Altogether, violent and property crimes are down more than 17 percent in the neighborhood since 2010.
Lawrenceville has also seen an influx of new businesses and residents in recent years. Both violent and property crimes have dropped in the Upper, Central and Lower Lawrenceville neighborhoods.
Crime dropped most sharply overall in Lower Lawrenceville.
Three East End neighborhoods and three of the city’s outermost neighborhoods were among the safest in 2013. Squirrel Hill North, Squirrel Hill South and Swisshelm Park had some of the lowest violent crime rates. The other three other neighborhoods with low violent crime rates are all on the city’s southern and western periphery: Fairywood, New Homestead and Banksville.
Surrounding Squirrel Hill are other neighborhoods with low rates of violent crime, including Greenfield, Regent Square and Point Breeze.
Further north, Stanton Heights, Morningside and Highland Park continue to rank among the city’s safer areas.
From 2010 through 2013, violent crime in Hill District neighborhood of Terrace Village dropped 65 percent and property crime dropped more than 57 percent.
Violent crime has also fallen in the other four Hill District neighborhoods, but none more than Terrace Village.

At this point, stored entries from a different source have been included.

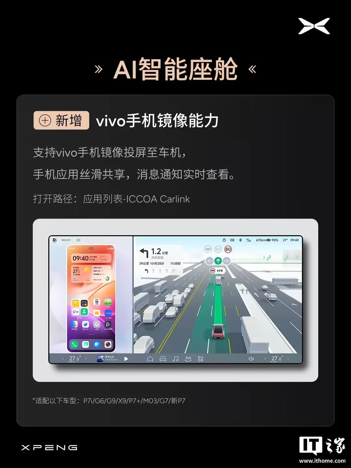 IT之家 12 月 3 日消息,小鹏汽车官方今日宣布,小鹏 AI 天玑 XOS 5.8.5 系统版本开启全量推送,新增车位到车位焕新版、vivo 手机镜像等功能。
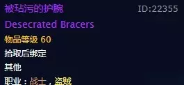被玷污的护腕需要玩家在纳克萨玛斯副本后通过击杀副本中的阿努布雷坎(44.0,23.6)、 黑女巫法琳娜、格拉斯后几率掉落获得,职业战士,盗贼,需要等级60,是无畏护腕、 骨镰护腕的任务目标物品。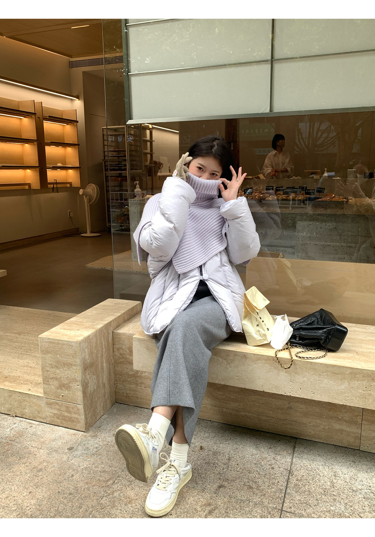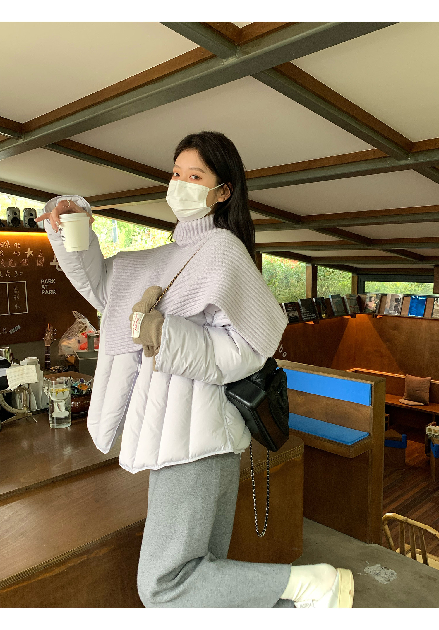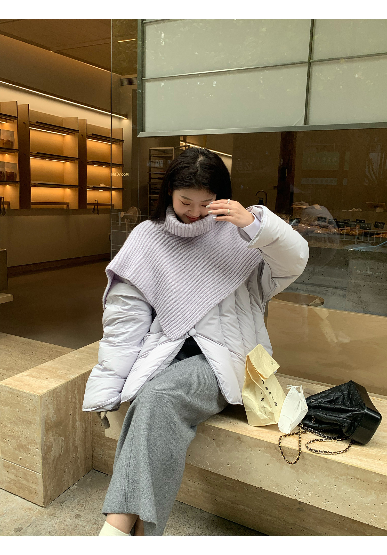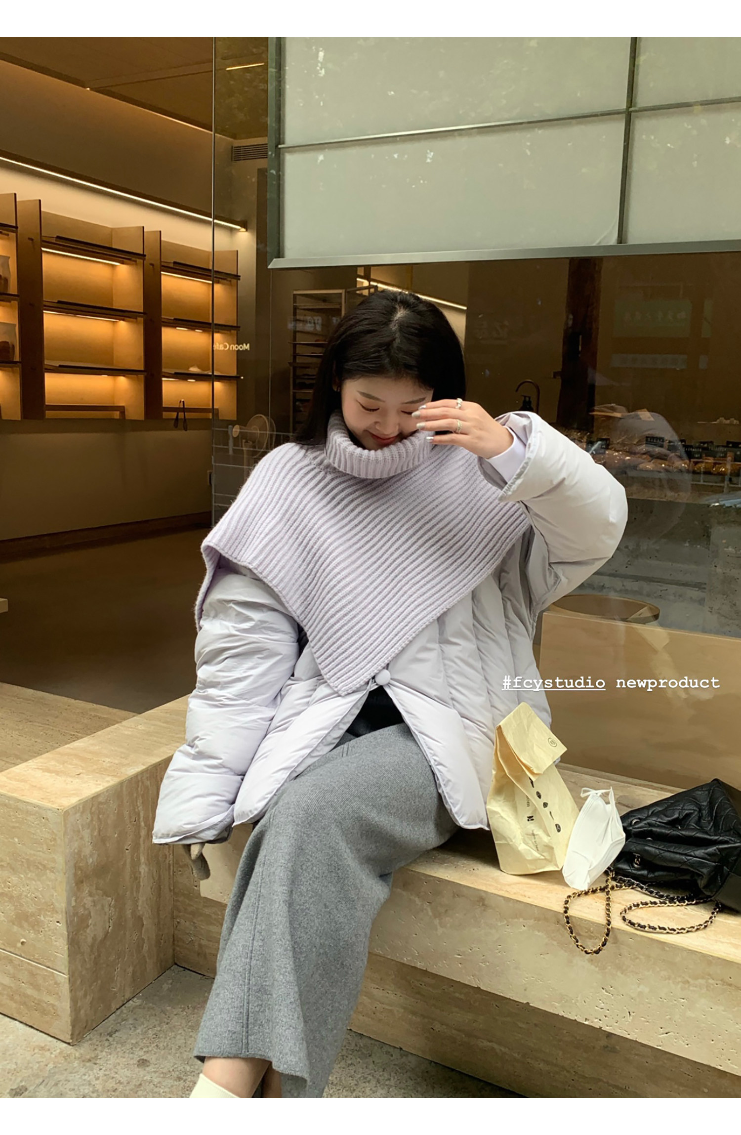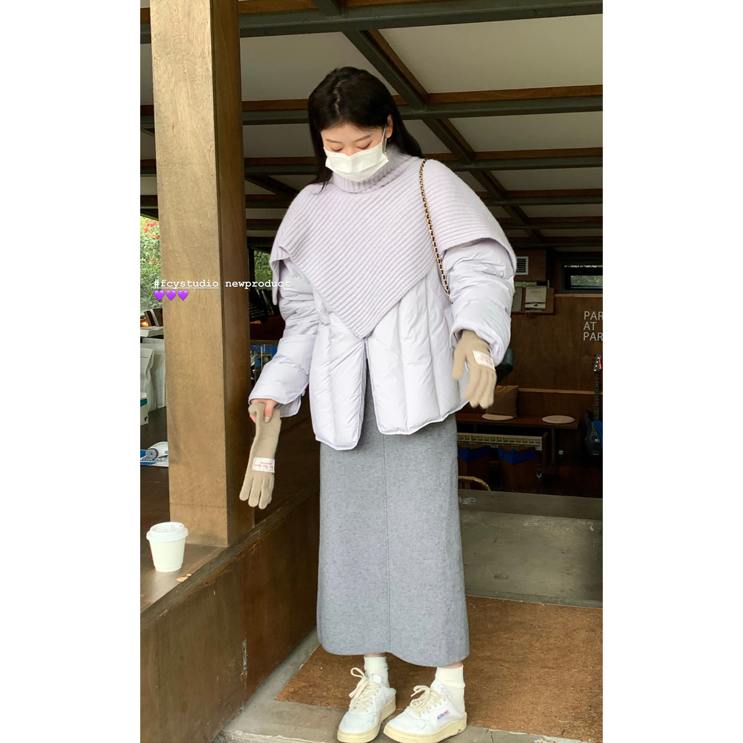 Сиреневая накидка, зимний пуховик, дизайнерская модная куртка, тренд сезона, в корейском стиле

Crime rates there in 2013 looked less like the other Hill District neighborhoods and more like Point Breeze North.
One Terrace Village resident said the drop in crime may be attributed to the demolition of the Addison Terrace public housing complex.
The drop in crime could also be attributed to the loss in neighborhood population from the public housing complex.
Dan Wood, Chief of Staff for District 6 Councilman R. Daniel Lavelle, who represents the Hill District, estimated that 800 to 900 people lived at Addison Terrace before the demolition.